Task brief: The listing below is to be copied exactly, with pictures excluded.

——

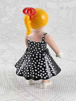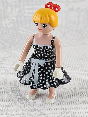 Frau in schwarzem Kleid mit weißen Punkten, weiße Schuhe und Hände, rote Haarschleife
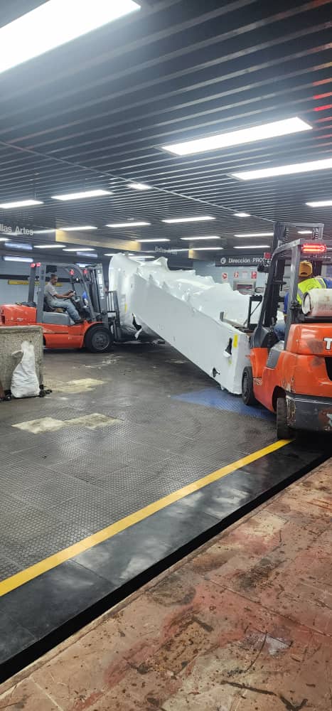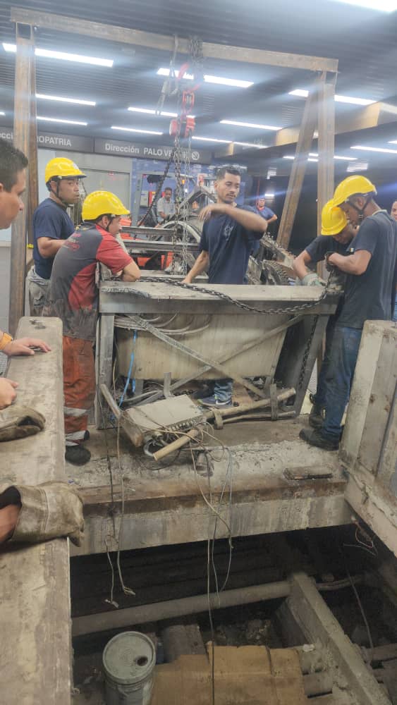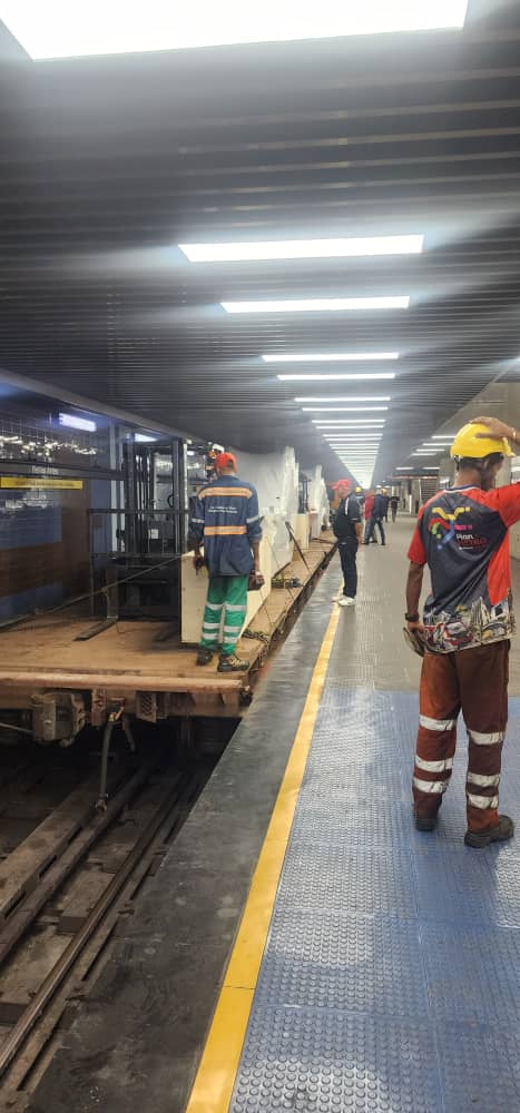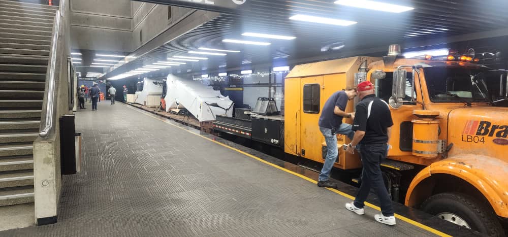 A través de un vehículo bivial con grúa, que moviliza al vagón plano, los técnicos especializados del Metro de Caracas trasladaron las nuevas escaleras mecánicas desde los patios del Metro de Caracas, ubicados en Propatria, que se instalarán en la estación, refiere el post del sistema de transporte.
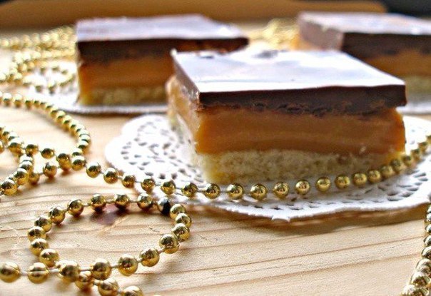 Пока карамель не застыла, быстро выложить ее на тесто. Шоколад растопить на водяной бане. Растопленный шоколад выложить на карамель и поставить это счастье в холодильник на два часа. Разрезать на квадраты и съесть.
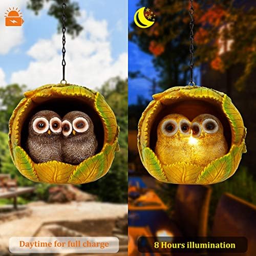 Cute Design – OurHanging Photo voltaic Lights is 2 owls in a nest wrapped in leaves. The nest made up of leaves is kind of modern, which is matched with two wide-eyed owls. The photo voltaic cells above the pendant have a really lengthy life and are environmentally pleasant and vitality environment friendly. They will retailer vitality throughout sunny hours to be lit up within the absence of daylight.
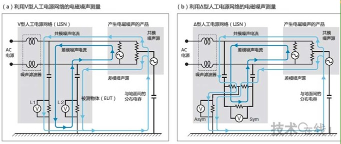 在傳導(dǎo)噪聲的測(cè)量中,一般針對(duì)電源線1(L1)和電源線2(L2)各自的電磁噪聲,利用V型人工電源網(wǎng)絡(luò)測(cè)量準(zhǔn)峰值和平均值(a)。在該測(cè)量中,差模噪聲和共模噪聲合在一起,難以分辨哪種噪聲模式是主體。而如果利用Δ型人工電源網(wǎng)絡(luò),便于分辨噪聲模式的種類(b)。該電源網(wǎng)絡(luò)可根據(jù)噪聲模式(Sym:差模,ASym:共模)測(cè)量其頻率特性。
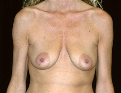 CASE DESCRIPTION: This is a 38-year-old female and a resident of Napa, California. She presented to our Novato office in Marin County for evaluation for a breast lift. She is 5 feet 1 inch and 107 pounds. She is the mother of two. She underwent a peri-areolar breast lift augmentation with Mentor 275 cc normal-saline implants inflated up to 375 ccs on the right and 365ccs on her left. The positions of the implants are sub-muscular. The procedure was performed at Marin Cosmetic Surgery Center in Marin County, California. Her size has changed from a size B cup to a size D.

——

Result:
 Frau in schwarzem Kleid mit weißen Punkten, weiße Schuhe und Hände, rote Haarschleife
 A través de un vehículo bivial con grúa, que moviliza al vagón plano, los técnicos especializados del Metro de Caracas trasladaron las nuevas escaleras mecánicas desde los patios del Metro de Caracas, ubicados en Propatria, que se instalarán en la estación, refiere el post del sistema de transporte.
 Пока карамель не застыла, быстро выложить ее на тесто. Шоколад растопить на водяной бане. Растопленный шоколад выложить на карамель и поставить это счастье в холодильник на два часа. Разрезать на квадраты и съесть.
 Cute Design – OurHanging Photo voltaic Lights is 2 owls in a nest wrapped in leaves. The nest made up of leaves is kind of modern, which is matched with two wide-eyed owls. The photo voltaic cells above the pendant have a really lengthy life and are environmentally pleasant and vitality environment friendly. They will retailer vitality throughout sunny hours to be lit up within the absence of daylight.
 在傳導(dǎo)噪聲的測(cè)量中,一般針對(duì)電源線1(L1)和電源線2(L2)各自的電磁噪聲,利用V型人工電源網(wǎng)絡(luò)測(cè)量準(zhǔn)峰值和平均值(a)。在該測(cè)量中,差模噪聲和共模噪聲合在一起,難以分辨哪種噪聲模式是主體。而如果利用Δ型人工電源網(wǎng)絡(luò),便于分辨噪聲模式的種類(b)。該電源網(wǎng)絡(luò)可根據(jù)噪聲模式(Sym:差模,ASym:共模)測(cè)量其頻率特性。
 CASE DESCRIPTION: This is a 38-year-old female and a resident of Napa, California. She presented to our Novato office in Marin County for evaluation for a breast lift. She is 5 feet 1 inch and 107 pounds. She is the mother of two. She underwent a peri-areolar breast lift augmentation with Mentor 275 cc normal-saline implants inflated up to 375 ccs on the right and 365ccs on her left. The positions of the implants are sub-muscular. The procedure was performed at Marin Cosmetic Surgery Center in Marin County, California. Her size has changed from a size B cup to a size D.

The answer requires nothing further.